Hastymail2

Hastymail2 is an Open Source IMAP webmail client written in PHP. Our focus is compliance, usability, security, and speed.

Hastymail 2

avatar
Character Encoding (Non UTF-8)

When email is received in Hastymail with for instance ISO-2022-JP/8-Bits character encoding, very often used in Japan, Hastymail will convert it default into UTF-8 to display.

I have digged through all PHP scripts of Hastymail and everything is fixed UTF-8.

When replying on differently encoded emails it stays encoded in UTF-8.

It is very well possible that receiver cannot see such email i.e. it is good practise to reply emails in the same character encoding. This is not possible now with Hastymail. There is no option to set the character-encoding except for 8-bits, Base64 and Quoted-Printable.

Other open source webmailers like Horde follow senders encoding correctly.

I think Hastymail would be much better when non-fixed character encoding would be implemented.

The PHP Manual on multi-byte encoding is here also quite clear in:

http://jp.php.net/manual/en/mbstring.ja-basic.php

Hastymail uses mb_convert_encoding of the PHP  Multibyte String Functions to convert other encodings into UTF-8.

Since Hastymail already depends on PHP4 and if other (Db)features are needed by users even on PHP5 maybe a good idea to use more mb_ functions like in this example?

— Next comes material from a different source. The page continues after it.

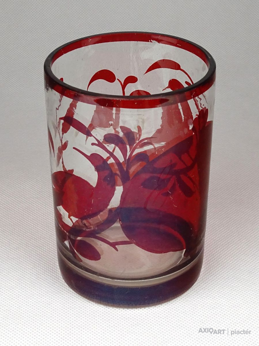 [1F628/UZ-K] Antik, szép állapotú vastag falú bíborpácolt Biedermeier fújt üveg pohár. Oldalán indás, madaras díszítés és surolófényben is nehezen látható kopottas felirat: EMLÉKÜL Magasság: 11.3 cm Szélesség: 7.8 cm Súly: 0.295 kg

  1. assume Encoding is derived like this $enc = mb_detect_encoding($received_text)
  2. mb_language("japanese");
  3. mb_internal_encoding("EUC-JP");
  4.  
  5. //日本語メール送信
  6. $to = "katou@example.com";
  7. $subject = "例の件について";
  8. $body = "どうでしょう?";
  9. $from = mb_encode_mimeheader(mb_convert_encoding("山本 正喜","JIS","EUC-JP"))."<masaki@example.com>";
  10.  
  11. //ちゃんと日本語メールが送信できます
  12. mb_send_mail($to,$subject,$body,"From:".$from);

Further no comment -  I like this light-weight HastyMail very much after a few days playing with it!

Cheers!

Fred

Reply /Quote
avatar
Re: Character Encoding (Non UTF-8)

The problem as I see it is that in order to display different character sets on the same HTML page we have no choice but to convert them all to UTF-8. This is obvious when considering the mailbox view. Imagine subjects in different encodings and languages. Once converted to UTF-8 they can all be properly displayed on the same page under a single character set. HTML only allows a web page to have one character set. So while it is feasible to enable outgoing messages to use a different character set, we cannot correctly display that on the compose page, because the interface and the contents of the textarea would be in different encodings.  The only thing I can think of would be to convert to UTF-8 as we do now while the reply is being composed, then after hitting send we convert back to the original character set.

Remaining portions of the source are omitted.